Create an MLflow experiment by following the setup your environment quickstart.

Usage examples

The RetrievalSufficiency judge can be invoked directly for single trace assessment or used with MLflow's evaluation framework for batch evaluation.

Requirements:

Trace requirements:
- The MLflow Trace must contain at least one span with span_type set to RETRIEVER
- inputs and outputs must be on the Trace's root span
Ground-truth labels: Required - must provide either expected_facts or expected_response in the expectations dictionary

Invoke directly
Invoke with evaluate()

Python
from mlflow.genai.scorers import retrieval_sufficiency
import mlflow

# Get a trace from a previous run
trace = mlflow.get_trace("<your-trace-id>")
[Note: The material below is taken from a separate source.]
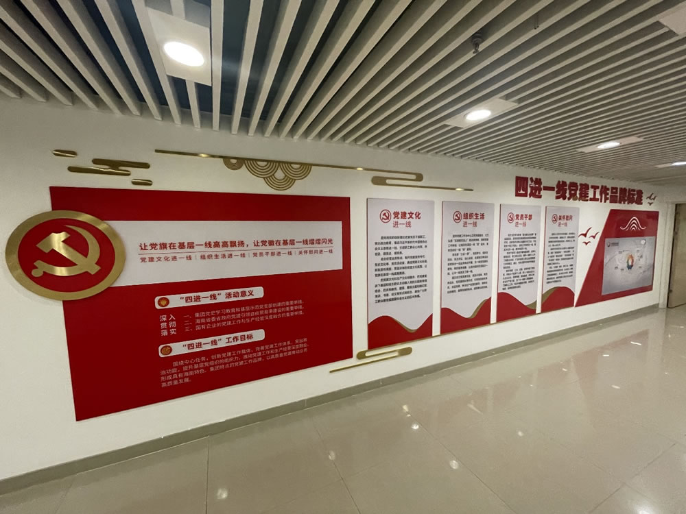 該長廊全長近125米,分為“初心使命”“奮輯前行”“黨建領(lǐng)航”“踐行承諾”四個篇章,涵蓋了習(xí)總書記重要講話精神摘錄、企業(yè)發(fā)展歷程、歷史成績、黨組織概況及組織架構(gòu)、“我為群眾辦實事”實踐活動開展情況、精準(zhǔn)扶貧、黨風(fēng)廉政建設(shè)、防范走私套代購專項工作、黨建品牌創(chuàng)建要點、支部特色工作法、“兩優(yōu)一先”榮譽展示、黨建活動剪影、黨務(wù)公開欄、集團黨建示范經(jīng)驗推廣展示等十多個大類的內(nèi)容,采用了傳統(tǒng)圖文并茂與視聽互動相結(jié)合的形式,專門設(shè)置了3處電子顯示屏,循環(huán)播放各類影像素材,全景展現(xiàn)了三亞店多年來堅持“聽黨話、跟黨走”不動搖的責(zé)任擔(dān)當(dāng)和廣大黨員干部員工不怕困難、勇于創(chuàng)新的奮斗精神。

# Assess if the retrieved context is sufficient for the expected facts
feedback = retrieval_sufficiency(
    trace=trace,
    expectations={
        "expected_facts": [
            "MLflow has four main components",
            "Components include Tracking",
            "Components include Projects",
            "Components include Models",
            "Components include Registry"
        ]
    }
)
print(feedback)

Python
import mlflow
from mlflow.genai.scorers import RetrievalSufficiency

# Evaluate traces from previous runs with ground truth expectations
results = mlflow.genai.evaluate(
    data=eval_dataset,  # Dataset with trace data and expected_facts
    scorers=[RetrievalSufficiency()]
)

RAG example

Here's a complete example showing how to create a RAG application and evaluate if retrieved context is sufficient:

Initialize an OpenAI client to connect to either Databricks-hosted LLMs or LLMs hosted by OpenAI.

Databricks-hosted LLMs
OpenAI-hosted LLMs

Use MLflow to get an OpenAI client that connects to Databricks-hosted LLMs. Select a model from the available foundation models.

Python
import mlflow
from databricks.sdk import WorkspaceClient

# Enable MLflow's autologging to instrument your application with Tracing
mlflow.openai.autolog()

# Set up MLflow tracking to Databricks
mlflow.set_tracking_uri("databricks")
mlflow.set_experiment("/Shared/docs-demo")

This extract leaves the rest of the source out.